Our movement is part of a larger pushback against the structural reform under way in the academic labor market. For several decades now, universities have been replacing full-time, tenure-track faculty with part-time instructors and graduate employees. Like adjunct faculty, graduate employees suffer unprofessional working conditions, crummy salaries and virtually no job security. We have little recourse if the terms of our employment are arbitrarily changed, and we have no grievance procedure if we’re harassed or abused.

We had hoped that President Rodin’s new willingness to engage with GET-UP would bring this impasse to resolution. But despite an atmosphere of cordiality and some stimulating discussion at the mid-December meeting GET-UP’s leadership held with President Rodin, the song remains the same: Penn’s graduate employees voted in a democratic election, and College Hall continues to abuse the loopholes in labor law to deny our basic rights.

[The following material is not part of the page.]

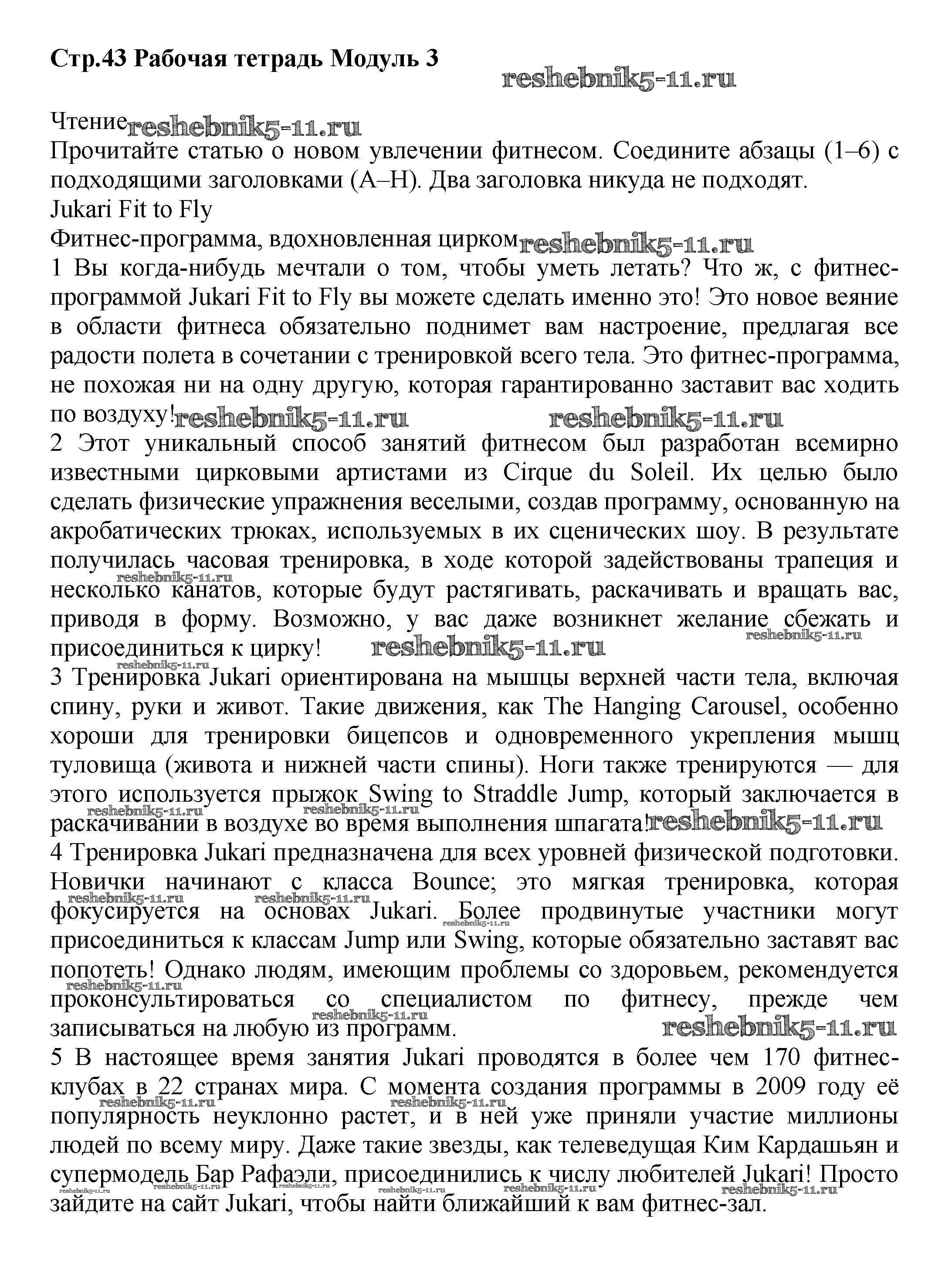 Готовая домашняя работа с ответами по Английскому языку за 9 класс Баранова, Дули, Эванс, Копылова, Мильруд Рабочая тетрадь Starlight Углубленный уровень Просвещение 2017 ФГОС - Module 3 стр.43
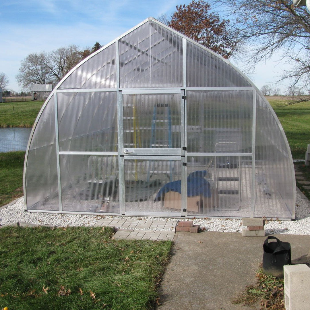 Featuring the thickest twin-wall polycarbonate available in a backyard greenhouse, the Riga offers the highest R-value of any hobby greenhouse on the market. This exceptional insulation makes the Riga more energy-efficient and less expensive to heat, keeping plants protected even in colder months. Most hobby greenhouses today use 4mm or 6mm polycarbonate, but the Riga is built with 16mm triple-wall polycarbonate, significantly enhancing insulation. The unique "onion" shape of the structure is not only visually appealing but also functional, allowing it to shed heavy snow loads with ease.

The legal limbo in which graduate students at Penn, Brown, and Columbia find themselves is exactly the one which Levin has committed himself to inflict on Yale graduate students should an NLRB vote be held. While he’s argued for an NLRB process over the Card Count Neutrality on the grounds that “democracy means voting,” Levin continues to act as though he’s forgotten that democracy means counting, and following, the results of the vote.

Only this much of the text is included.